■ **PROBLEM DETAILS**:
An exact transcription of the records is required, minus any images.

■ **DATA FOR THE TASK**:
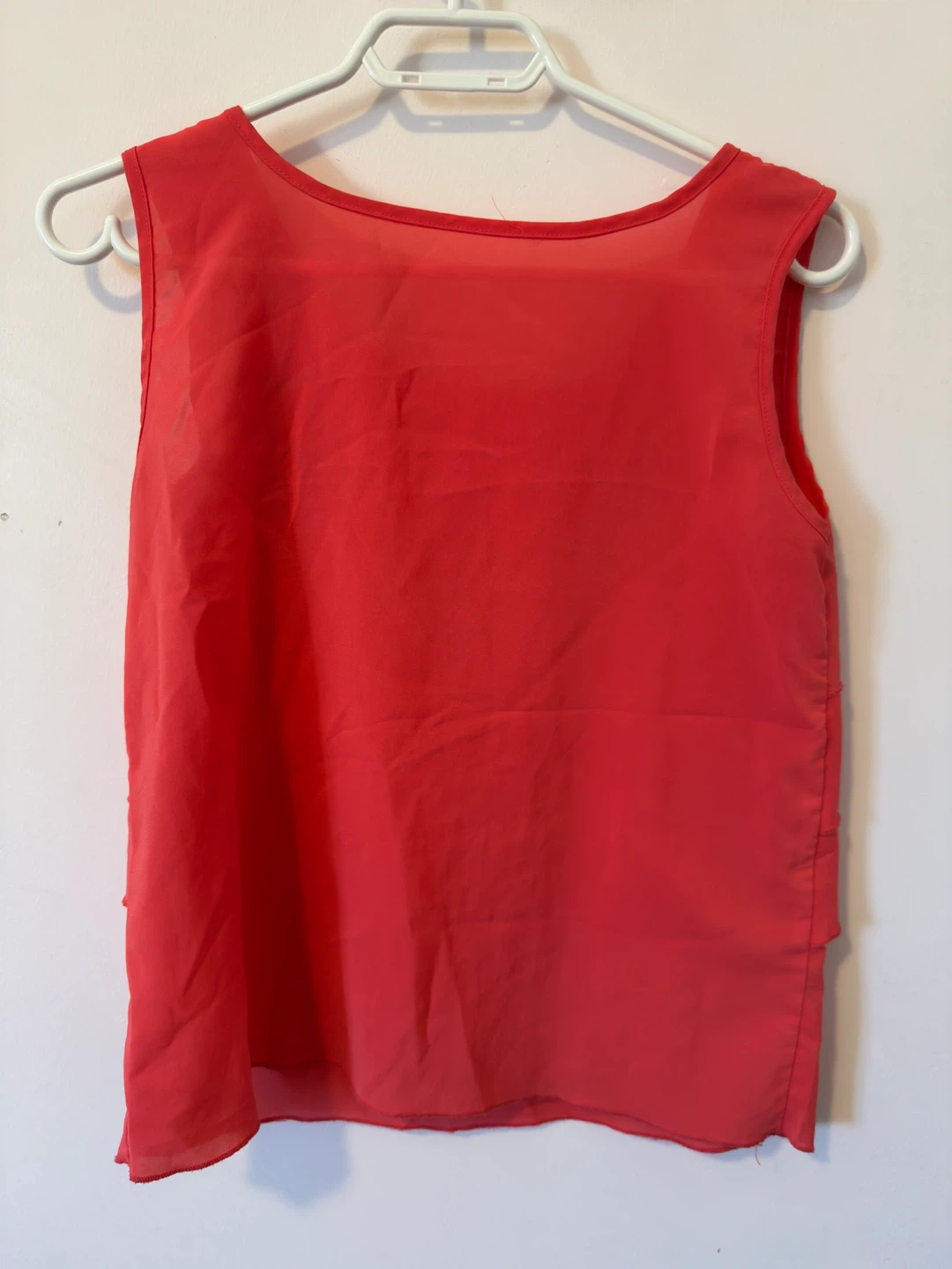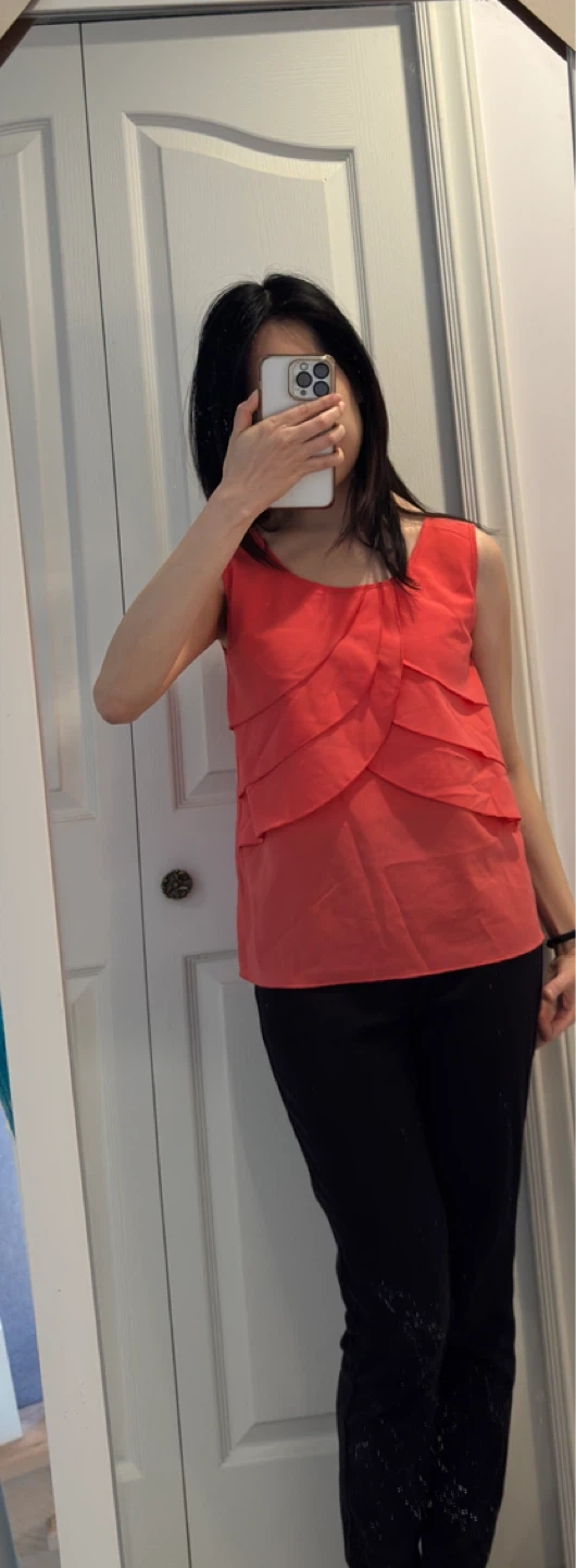 Coral sleeveless tank top. Features a layered ruffle design on the front. Sheer overlay with solid lining. Perfect for warmer weather!
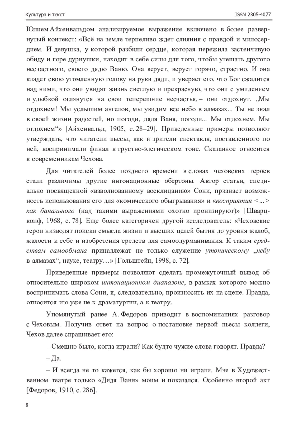 7. Гольштейн, В. Жертва и долг в “Дяде Ване” / В. Гольштейн // Русская литература. - 1998. - № 2. - С. 65-74.
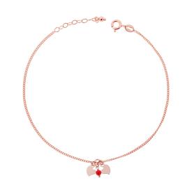 Cavigliera con Catena Grumetta Diamantata con accessori pendenti, farfalle, fiore e perline colore rosa, con finitura liscia e luc...
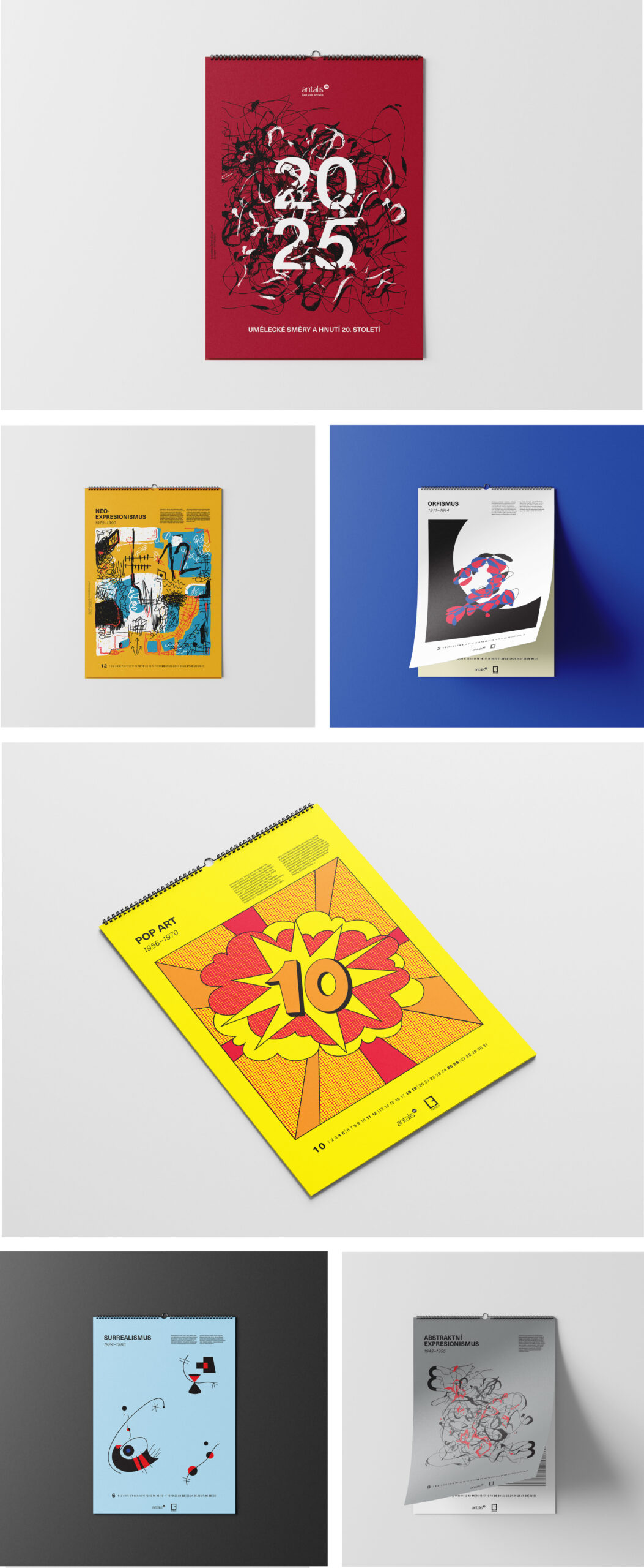 Hlavní roli při tvorbě nového kalendáře sehrály umělecké směry 20. století. Mým záměrem však nebyla snaha věrně kopírovat daná umělecká díla, nýbrž se inspirovat specifickými rysy výtvarných směrů a pomocí vektorů je přenést do grafického designu. Abych rozšířila povědomí o moderním umění a přiblížila je veřejnosti, přistupovala jsem ke kalendáři jako k samotnému obrazu. Pokud se řekne pojem abstraktní umění, vybavím si směsici zjednodušených tvarů, dokonalou fúzi barev a kompozic. V obrazech se snažím vždy najít hlubší smysl, který většinou není na první pohled znát, ale je pro jeho pochopení nepostradatelný. Stejně jako v uměleckém díle i v tomto kalendáři se na každé straně skrývá něco, co přiměje diváka se nad „obrazem“ pozastavit…
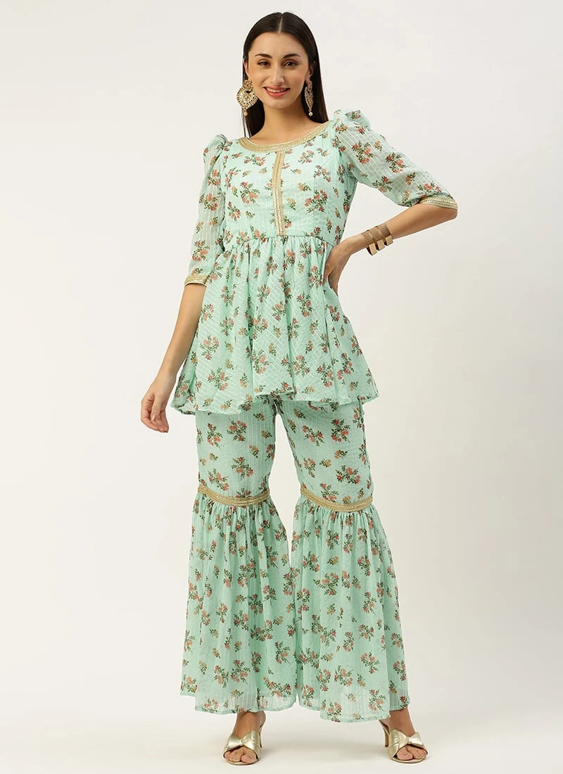 Teen Girls Mint Green Digital Printed Embroidered Co Ords Set Festive Wear
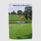 Customise text on Gimme Golf Towel. Design shows golf ball in from cup and flag.
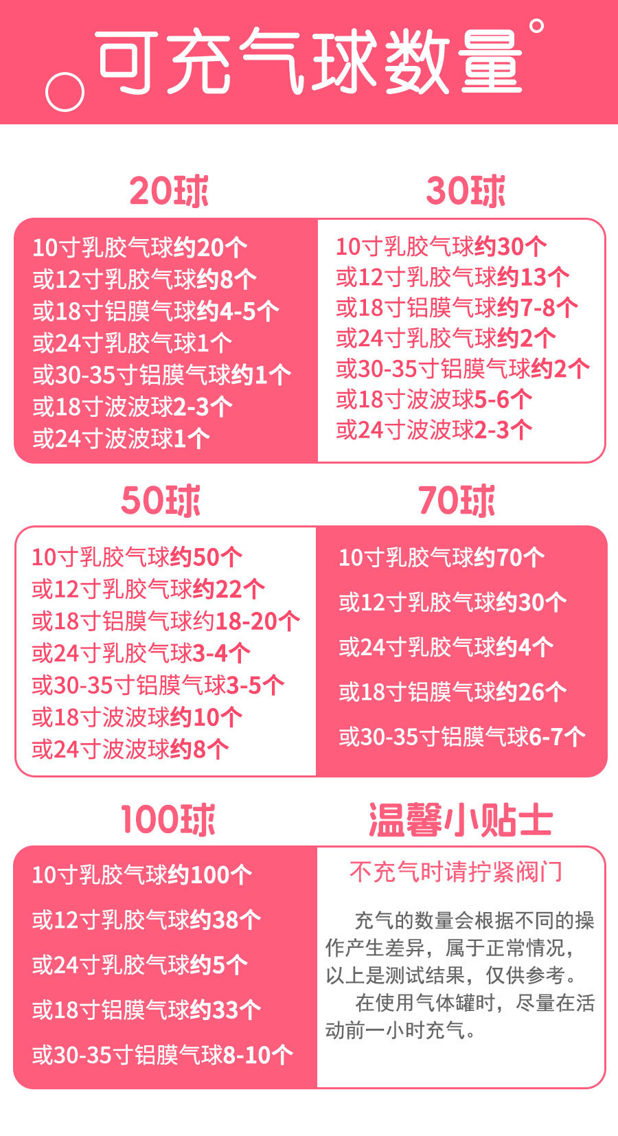 | Color | Tanque de helio de 20 bolas (llenar bolas de látex de 10 pulgadas alrededor de 20), preste atención al tamaño del diámetro de inflación y el tiempo de vuelo, el tanque de helio de 30 bolas (llenar bolas de látex de 10 pulgadas alrededor de 30), tanque de helio de 50 bolas (llenar bolas de látex de 10 pulgadas alrededor de 50), tanque de helio de 70 bolas (llenar bolas de látex de 10 pulgadas alrededor de 70), tanque de helio de 100 bolas (llenar bolas de látex de 10 pulgadas alrededor de 100) gran cantidad recomendado!!, 20 bolas de helio + 20 globos de color macarón + accesorios, 30 bolas de helio + 30 globos de color macarón + accesorios, 30 bolas de helio + 30 globos de color mixto de metal + accesorios, 30 bolas de helio + 30 globos rojos granada + accesorios, 50 bolas de helio + 50 globos de color mixto mate + accesorios, 50 bolas de helio + 50 globos de color mixto de metal + accesorios, 50 bolas de helio + 50 globos de color mixto de metal + accesorios, 50 bolas de helio + 50 globos de color mixto de perla + accesorios, 70 bolas de helio + 70 globos rojos de granada + accesorios, 70 bolas de helio + 70 globos de color mixto de metal + accesorios, 70 bolas de helio + 70 globos de color mixto mate + accesorios, 100 bolas de helio + 100 globos de macarón + accesorios, 100 bolas de helio + 100 globos de color metálico + accesorios, 100 bolas de helio + 100 globos de color rosado + accesorios, Tanque de helio de 100 bolas + 100 globos rojos grandes + accesorios, tanque de helio de 20 bolas + 100 ml de solución protectora, tanque de helio de 30 bolas + 100 ml de solución protectora, tanque de helio de 50 bolas + 100 ml de solución protectora, tanque de helio de 70 bolas + 100 ml de solución protectora, tanque de helio de 100 bolas + 100 ml de solución protectora |

■ **TASK RESPONSE**:
 Coral sleeveless tank top. Features a layered ruffle design on the front. Sheer overlay with solid lining. Perfect for warmer weather!
 7. Гольштейн, В. Жертва и долг в “Дяде Ване” / В. Гольштейн // Русская литература. - 1998. - № 2. - С. 65-74.
 Cavigliera con Catena Grumetta Diamantata con accessori pendenti, farfalle, fiore e perline colore rosa, con finitura liscia e luc...
 Hlavní roli při tvorbě nového kalendáře sehrály umělecké směry 20. století. Mým záměrem však nebyla snaha věrně kopírovat daná umělecká díla, nýbrž se inspirovat specifickými rysy výtvarných směrů a pomocí vektorů je přenést do grafického designu. Abych rozšířila povědomí o moderním umění a přiblížila je veřejnosti, přistupovala jsem ke kalendáři jako k samotnému obrazu. Pokud se řekne pojem abstraktní umění, vybavím si směsici zjednodušených tvarů, dokonalou fúzi barev a kompozic. V obrazech se snažím vždy najít hlubší smysl, který většinou není na první pohled znát, ale je pro jeho pochopení nepostradatelný. Stejně jako v uměleckém díle i v tomto kalendáři se na každé straně skrývá něco, co přiměje diváka se nad „obrazem“ pozastavit…
 Teen Girls Mint Green Digital Printed Embroidered Co Ords Set Festive Wear
 Customise text on Gimme Golf Towel. Design shows golf ball in from cup and flag.
 | Color | Tanque de helio de 20 bolas (llenar bolas de látex de 10 pulgadas alrededor de 20), preste atención al tamaño del diámetro de inflación y el tiempo de vuelo, el tanque de helio de 30 bolas (llenar bolas de látex de 10 pulgadas alrededor de 30), tanque de helio de 50 bolas (llenar bolas de látex de 10 pulgadas alrededor de 50), tanque de helio de 70 bolas (llenar bolas de látex de 10 pulgadas alrededor de 70), tanque de helio de 100 bolas (llenar bolas de látex de 10 pulgadas alrededor de 100) gran cantidad recomendado!!, 20 bolas de helio + 20 globos de color macarón + accesorios, 30 bolas de helio + 30 globos de color macarón + accesorios, 30 bolas de helio + 30 globos de color mixto de metal + accesorios, 30 bolas de helio + 30 globos rojos granada + accesorios, 50 bolas de helio + 50 globos de color mixto mate + accesorios, 50 bolas de helio + 50 globos de color mixto de metal + accesorios, 50 bolas de helio + 50 globos de color mixto de metal + accesorios, 50 bolas de helio + 50 globos de color mixto de perla + accesorios, 70 bolas de helio + 70 globos rojos de granada + accesorios, 70 bolas de helio + 70 globos de color mixto de metal + accesorios, 70 bolas de helio + 70 globos de color mixto mate + accesorios, 100 bolas de helio + 100 globos de macarón + accesorios, 100 bolas de helio + 100 globos de color metálico + accesorios, 100 bolas de helio + 100 globos de color rosado + accesorios, Tanque de helio de 100 bolas + 100 globos rojos grandes + accesorios, tanque de helio de 20 bolas + 100 ml de solución protectora, tanque de helio de 30 bolas + 100 ml de solución protectora, tanque de helio de 50 bolas + 100 ml de solución protectora, tanque de helio de 70 bolas + 100 ml de solución protectora, tanque de helio de 100 bolas + 100 ml de solución protectora |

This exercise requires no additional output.